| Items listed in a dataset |
————————
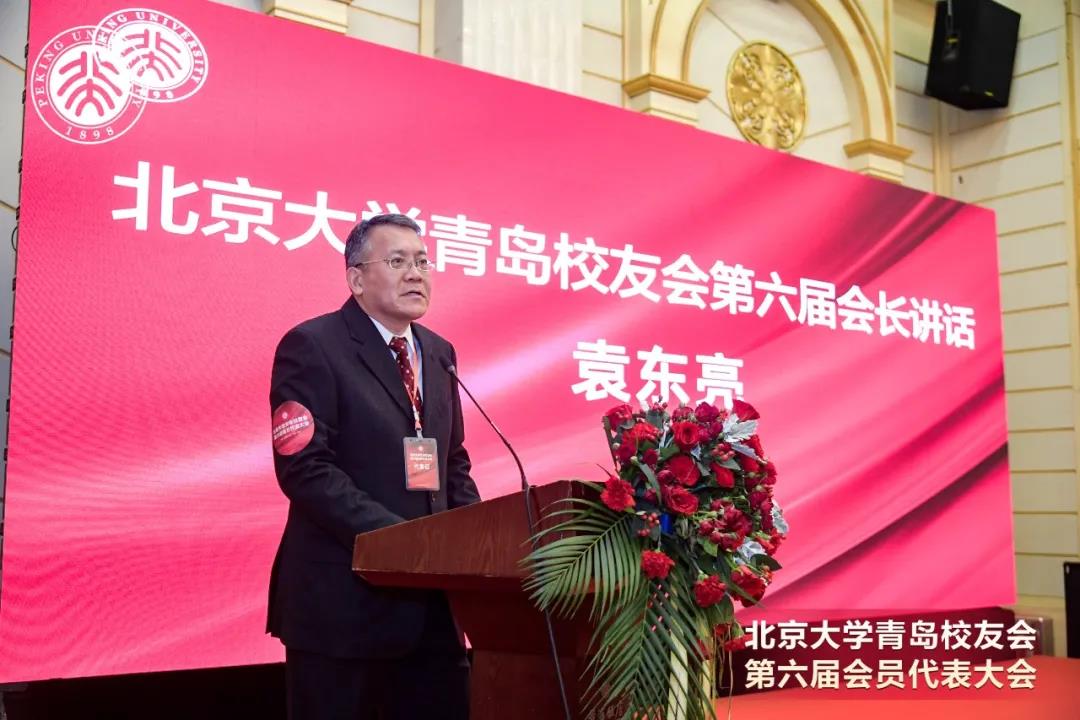 袁东亮发表讲话。他表示,当选新一届青岛校友会会长深感责任重大。青岛校友会的宗旨是广交朋友、服务校友。母校是大家的精神源泉,校友会肩负着提高母校声誉的职责。新一届理事会将严格遵守校友会章程,以凝聚校友、服务校友为核心,加强校友之间、校友与母校之间的沟通联系。同时抓住未来青岛市与北京大学扩大战略合作的机遇,努力为年轻校友提供事业成长的平台,增强校友会的联谊功能和吸引程度。除此之外,他还指出,欢迎热心校友积极参加活动并建言建策,共同努力把校友会工作干好。
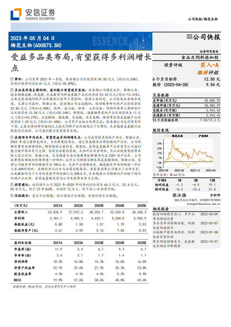 梅花生物在2023年第一季度面临饲料产品价格下行和原材料成本上升带来的盈利压力,导致归母净利润同比下降。然而,公司凭借其多元化的产品布局,特别是鲜味剂、大原料副产品、黄原胶及医药氨基酸等业务的稳健增长,展现出较强的经营韧性。展望未来,随着通辽原料氨、吉林黄原胶、通辽苏氨酸等在建项目的陆续投产,以及在黄原胶和医药氨基酸等高附加值领域的持续深耕和市场份额提升,公司有望受益于多利润增长点,逐步释放盈利潜力。安信证券维持“买入-A”评级,并给出12.5元的目标价,但同时提示了需求、项目落地及宏观环境等潜在风险。
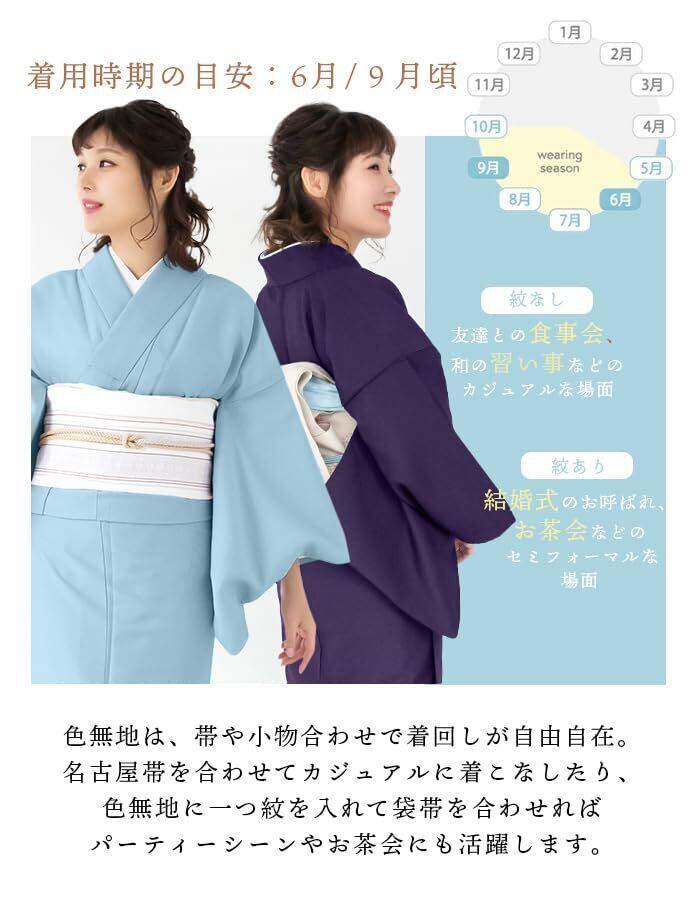【シーンを選ばないデザイン!】フォーマルな場面でもカジュアルなお出かけでも、幅広いシチュエーションにマッチするデザインです。結婚式やパーティーなどの特別な日にも、友人とのお出かけにもお使いいただけます。色無地の良さを最大限に引き立てる一着です。
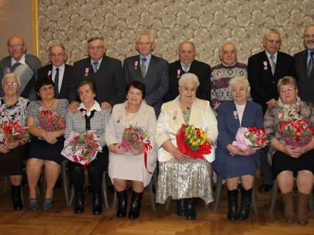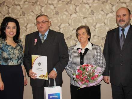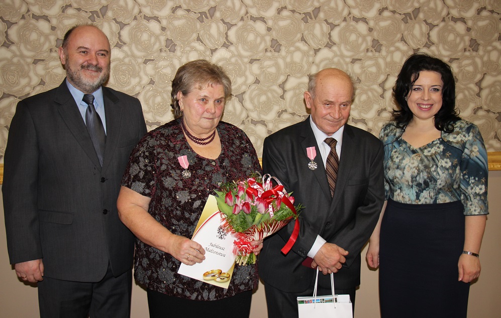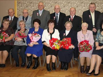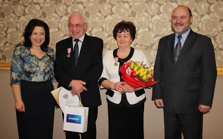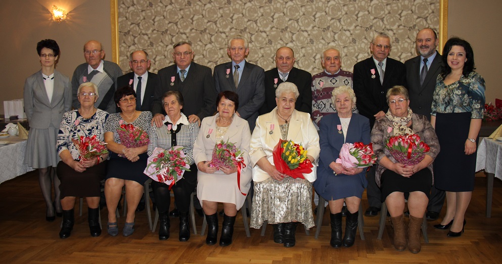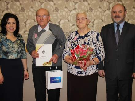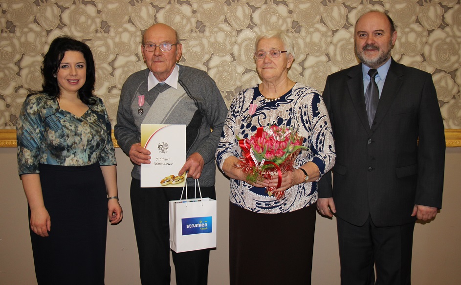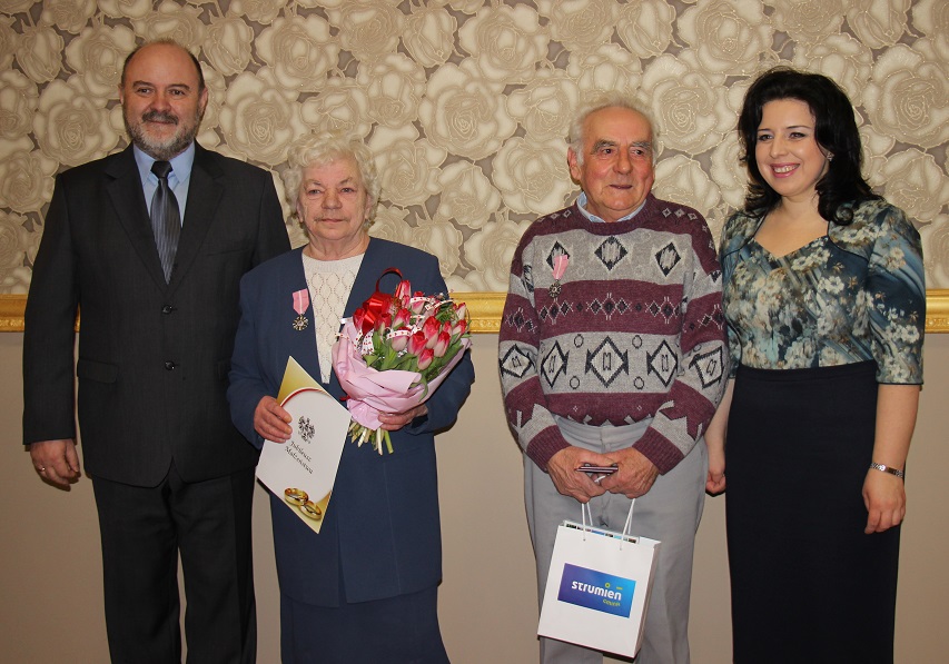 Zgromadzili prawdziwy skarbiec czynów wielkich i małych, uformowali swoje człowieczeństwo tak, aby mierzyło się z różnymi przeciwnościami losu. Codziennej trosce o dom i chleb, o dobre wychowanie i wykształcenie dzieci , o sprawiedliwość i uczciwość w życiu publicznym, oddali swoje najlepsze lata. Dziękując za wieloletnią wytrwałość w związku małżeńskim w stronę jubilatów obchodzących złote i diamentowe gody, popłynęły najlepsze życzenia i państwowe odznaczenia. – Burmistrz Strumienia w dowód społecznego uznania dla trwałości małżeństwa i rodziny wystąpił do Prezydenta Rzeczypospolitej Polskiej o wyróżnienie Państwa, poprzez odznaczenie medalami za długoletnie pożycie małżeńskie – powiedziała Urszula Strządała, kierownik Urzędu Stanu Cywilnego w Strumieniu. Medale prezydenckie, pary z 50-letnim stażem małżeńskim otrzymały z rąk Anny Grygierek, Burmistrz Strumienia i Czesława Grenia, Przewodniczącego Rady Miejskiej. Wyróżnione zostały również pary obchodzące 60. rocznicę ślubu. – Chcemy wspólnie z Panem Przewodniczącym Wam pogratulować, bardzo się cieszę że zechcieliście Państwo przyjąć medale i dziękuję że jesteście razem z nami. Serdecznie gratulujemy jubileuszu – mówiła Anna Grygierek, Burmistrz Strumienia, życząc jubilatom wszelkiej pomyślności oraz dalszych wspólnych lat w zdrowiu.
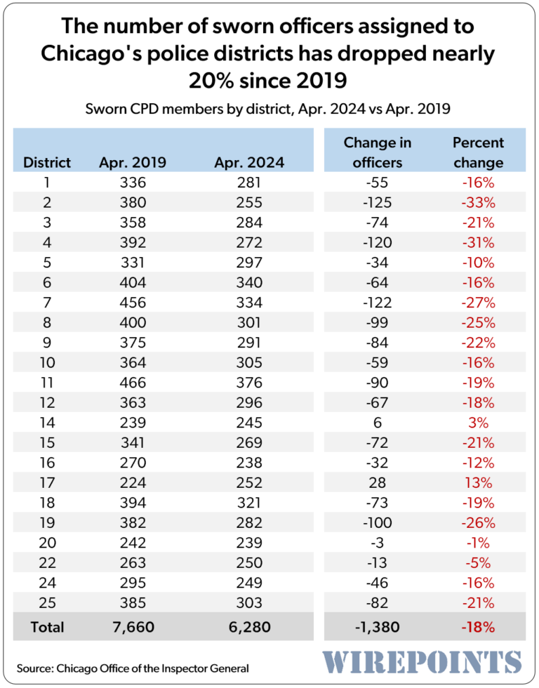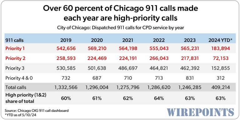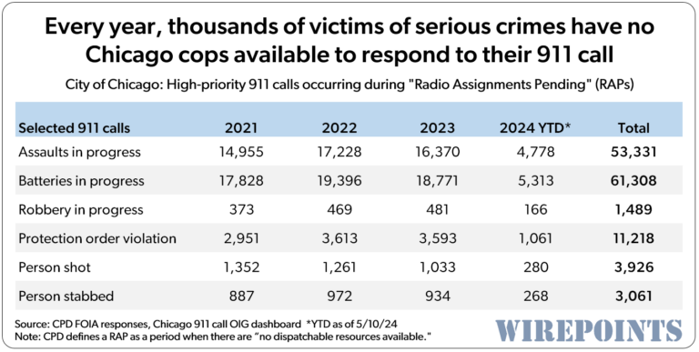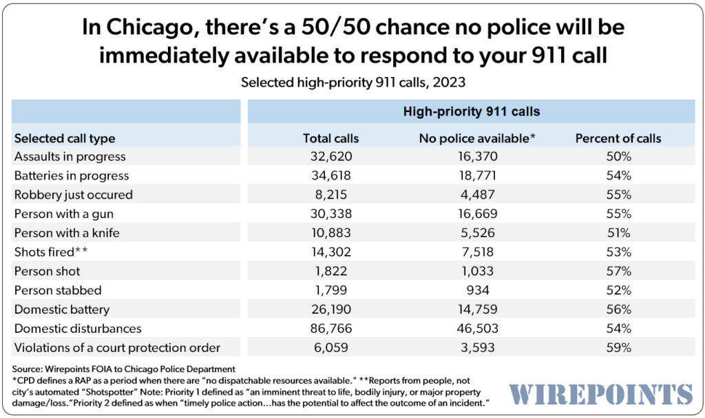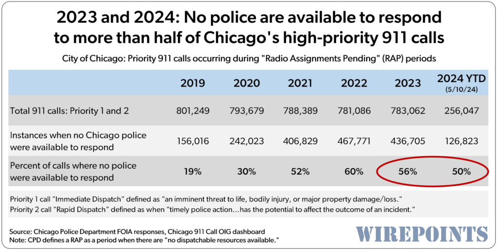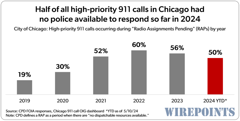 This year, the bad trend continues. So far in 2024, 127,000 of the 256,000 high-priority 911 calls made in Chicago had no police available to immediately respond. That’s a “no police available” rate of 50%.
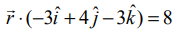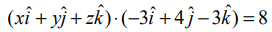 ஒரு தளத்தின் கார்டீசியன் சமன்பாடு 3x−4y+3z=−8 எனில், தளத்தின் வெக்டர் சமன்பாட்டை திட்ட வடிவில் காண்க.
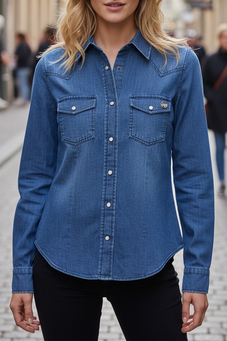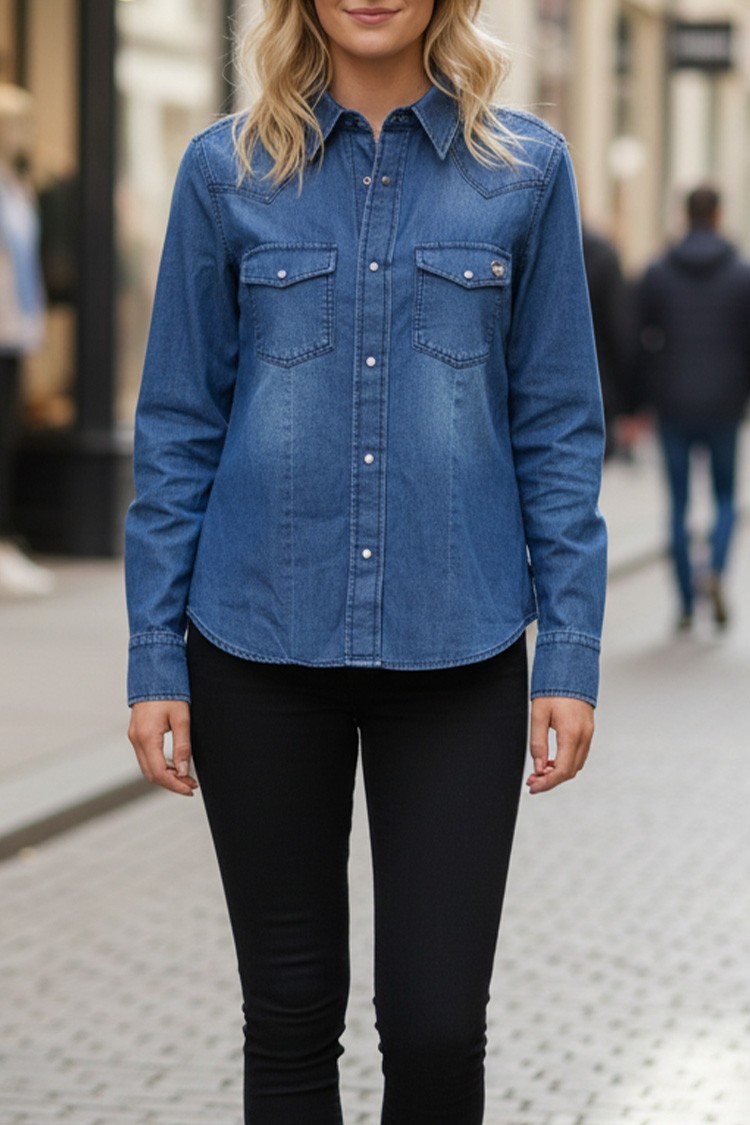 - Praktična ženska košulja čistog dizajna, sa preklopnim džepovima i tik tak kopčom, pogodna za razne modne kombinacije.
————————
| Task prompt |
Before duplicating the entries above, strip out the pictures and keep the rest exact.

| Answer space |
 袁东亮发表讲话。他表示,当选新一届青岛校友会会长深感责任重大。青岛校友会的宗旨是广交朋友、服务校友。母校是大家的精神源泉,校友会肩负着提高母校声誉的职责。新一届理事会将严格遵守校友会章程,以凝聚校友、服务校友为核心,加强校友之间、校友与母校之间的沟通联系。同时抓住未来青岛市与北京大学扩大战略合作的机遇,努力为年轻校友提供事业成长的平台,增强校友会的联谊功能和吸引程度。除此之外,他还指出,欢迎热心校友积极参加活动并建言建策,共同努力把校友会工作干好。
 梅花生物在2023年第一季度面临饲料产品价格下行和原材料成本上升带来的盈利压力,导致归母净利润同比下降。然而,公司凭借其多元化的产品布局,特别是鲜味剂、大原料副产品、黄原胶及医药氨基酸等业务的稳健增长,展现出较强的经营韧性。展望未来,随着通辽原料氨、吉林黄原胶、通辽苏氨酸等在建项目的陆续投产,以及在黄原胶和医药氨基酸等高附加值领域的持续深耕和市场份额提升,公司有望受益于多利润增长点,逐步释放盈利潜力。安信证券维持“买入-A”评级,并给出12.5元的目标价,但同时提示了需求、项目落地及宏观环境等潜在风险。
【シーンを選ばないデザイン!】フォーマルな場面でもカジュアルなお出かけでも、幅広いシチュエーションにマッチするデザインです。結婚式やパーティーなどの特別な日にも、友人とのお出かけにもお使いいただけます。色無地の良さを最大限に引き立てる一着です。
 Zgromadzili prawdziwy skarbiec czynów wielkich i małych, uformowali swoje człowieczeństwo tak, aby mierzyło się z różnymi przeciwnościami losu. Codziennej trosce o dom i chleb, o dobre wychowanie i wykształcenie dzieci , o sprawiedliwość i uczciwość w życiu publicznym, oddali swoje najlepsze lata. Dziękując za wieloletnią wytrwałość w związku małżeńskim w stronę jubilatów obchodzących złote i diamentowe gody, popłynęły najlepsze życzenia i państwowe odznaczenia. – Burmistrz Strumienia w dowód społecznego uznania dla trwałości małżeństwa i rodziny wystąpił do Prezydenta Rzeczypospolitej Polskiej o wyróżnienie Państwa, poprzez odznaczenie medalami za długoletnie pożycie małżeńskie – powiedziała Urszula Strządała, kierownik Urzędu Stanu Cywilnego w Strumieniu. Medale prezydenckie, pary z 50-letnim stażem małżeńskim otrzymały z rąk Anny Grygierek, Burmistrz Strumienia i Czesława Grenia, Przewodniczącego Rady Miejskiej. Wyróżnione zostały również pary obchodzące 60. rocznicę ślubu. – Chcemy wspólnie z Panem Przewodniczącym Wam pogratulować, bardzo się cieszę że zechcieliście Państwo przyjąć medale i dziękuję że jesteście razem z nami. Serdecznie gratulujemy jubileuszu – mówiła Anna Grygierek, Burmistrz Strumienia, życząc jubilatom wszelkiej pomyślności oraz dalszych wspólnych lat w zdrowiu.
 This year, the bad trend continues. So far in 2024, 127,000 of the 256,000 high-priority 911 calls made in Chicago had no police available to immediately respond. That’s a “no police available” rate of 50%.
 ஒரு தளத்தின் கார்டீசியன் சமன்பாடு 3x−4y+3z=−8 எனில், தளத்தின் வெக்டர் சமன்பாட்டை திட்ட வடிவில் காண்க.
 - Praktična ženska košulja čistog dizajna, sa preklopnim džepovima i tik tak kopčom, pogodna za razne modne kombinacije.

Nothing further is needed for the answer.